@phunky/scrape-channel-listings NPM

Scrape Channel Listings

A TypeScript library for scraping TV channel listings from various providers:

DIRECTV
DISH Network
Sky UK
Virgin Media

This project started as a proof-of-concept for scraping TV channel listings from various providers. The codebase has been significantly improved with the assistance of Cursor AI

Features

Parallel scraping with configurable concurrency
Performance monitoring and statistics
Error handling and detailed logging
JSON output by default
Optional file output for each provider
Individual provider scraping support
Available as both a library and CLI tool

Prerequisites

This package requires Playwright with Chromium browser for web scraping. After installing the package, you'll need to install Playwright's Chromium browser:

# Install the package
npm install @phunky/scrape-channel-listings

# Install Playwright's Chromium browser
npx playwright install chromium

Data Sources

The channel listings are scraped from the following sources:

Virgin Media UK: rxtvinfo.com/virgin-media-channel-list-uk
Sky UK: rxtvinfo.com/sky-channel-list-uk
Sky UK Satallite: rxtvinfo.com/sky-satellite-channel-list-uk
Sky Ireland: rxtvinfo.com/sky-stream-and-sky-glass-channel-list-republic-of-ireland-epg
Freesat HD: rxtvinfo.com/freesat-channel-list-uk/
DIRECTV: usdirect.com/channels
DISH Network: allconnect.com/providers/dish/channel-guide

Please note that these sources are third-party websites and may change without notice. The scrapers are maintained to work with the current structure of these sites, but may need updates if the source websites undergo significant changes.

Installation

npm install @phunky/scrape-channel-listings

Usage

As a Library

import { scrapeAllProviders, scrapeProvider, type Channel, type ScrapingSummary } from '@phunky/scrape-channel-listings';

// Scrape all providers
const channels = await scrapeAllProviders();
console.log(channels); // Array of { provider: string, channels: Channel[] }

// Scrape with options
const summary = await scrapeAllProviders({
    writeFiles: true, // Write results to files
    maxConcurrent: 2  // Limit concurrent scrapers
});
console.log(summary); // ScrapingSummary object

// Scrape a specific provider
const result = await scrapeProvider('directv');
console.log(result); // ScraperResult object

As a CLI Tool

# Scrape all providers
npx @phunky/scrape-channel-listings

# Scrape specific providers
npx @phunky/scrape-channel-listings --provider virgin
npx @phunky/scrape-channel-listings --provider sky
npx @phunky/scrape-channel-listings --provider skyireland
npx @phunky/scrape-channel-listings --provider skysatellite
npx @phunky/scrape-channel-listings --provider freesat
npx @phunky/scrape-channel-listings --provider directv
npx @phunky/scrape-channel-listings --provider dish

# Write results to files
npx @phunky/scrape-channel-listings --write-files

# Control concurrent scrapers
npx @phunky/scrape-channel-listings --max-concurrent 4

API Reference

Types

interface Channel {
    number: string;
    name: string;
}

interface ProviderChannels {
    provider: string;
    channels: Channel[];
}

interface ScraperResult {
    name: string;
    success: boolean;
    duration: number;
    channelCount?: number;
    error?: Error;
    channels?: Channel[];
}

interface ScrapingOptions {
    writeFiles?: boolean;
    maxConcurrent?: number;
}

interface ScrapingSummary {
    results: ScraperResult[];
    totalDuration: number;
    successRate: string;
    totalChannels: number;
    failedScrapers: ScraperResult[];
}

Functions

`scrapeAllProviders(options?: ScrapingOptions): Promise<ProviderChannels[] | ScrapingSummary>`

Scrapes channel listings from all configured providers. Returns either an array of provider channels or a summary object depending on the writeFiles option.
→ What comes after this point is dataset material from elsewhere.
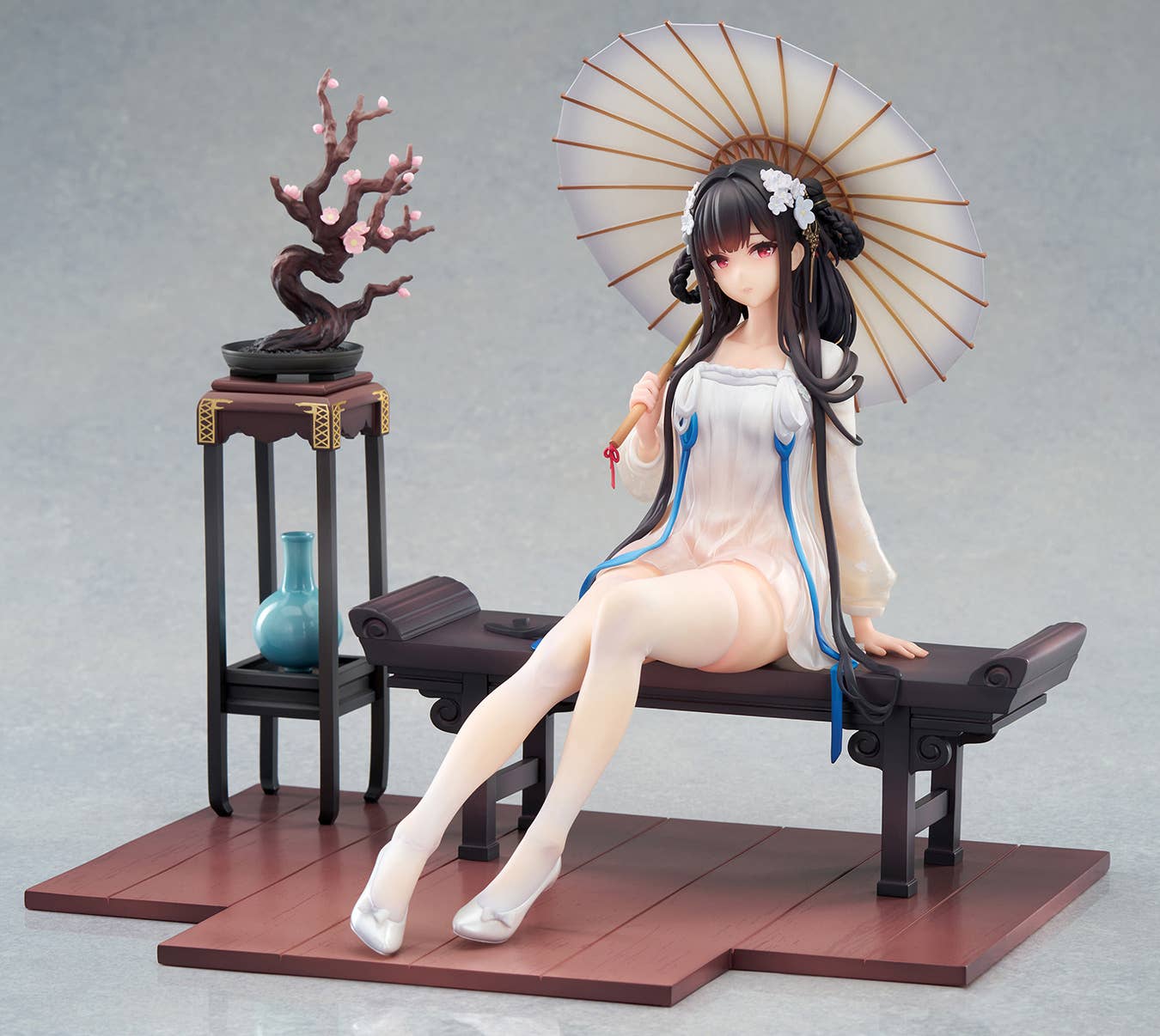 Fabricada en PVC y ABS, la figura ofrece una buena durabilidad y un nivel de detalle adecuado para reproducir elementos complejos como telas, cabello y accesorios decorativos. Estos materiales permiten mantener la calidad de la escultura a lo largo del tiempo.

`scrapeProvider(providerName: string, options?: ScrapingOptions): Promise<ScraperResult>`

Scrapes channel listings from a specific provider. Throws an error if the provider is not found.

Configuration

The scraper can be configured using environment variables:

# Run with custom configuration
HEADLESS=false CONCURRENT_SCRAPERS=2 npm run scrape

Available environment variables:

HEADLESS: Set to 'false' to see the browser while scraping (default: true)
CONCURRENT_SCRAPERS: Number of scrapers to run in parallel (default: 10)
RETRY_ATTEMPTS: Number of retry attempts for failed scrapes (default: 1)
RETRY_DELAY: Delay between retries in milliseconds (default: 1000)
PAGE_TIMEOUT: Page load timeout in milliseconds (default: 30000)
OUTPUT_DIR: Directory to save results when using --files (default: '../data')

Error Handling

The scraper will:

Retry failed attempts based on RETRY_ATTEMPTS setting
Log detailed error messages
Continue with remaining providers if one fails
Exit with code 1 if any scraper fails
Provide error details in the final summary (when using --files)

Development

# Install dependencies
npm install

# Build the package
npm run build

# Run tests
npm test

# Run specific scraper
npm run scrape:virgin
npm run scrape:sky
npm run scrape:skyireland
npm run scrape:skysatellite
npm run scrape:freesat
npm run scrape:directv
npm run scrape:dish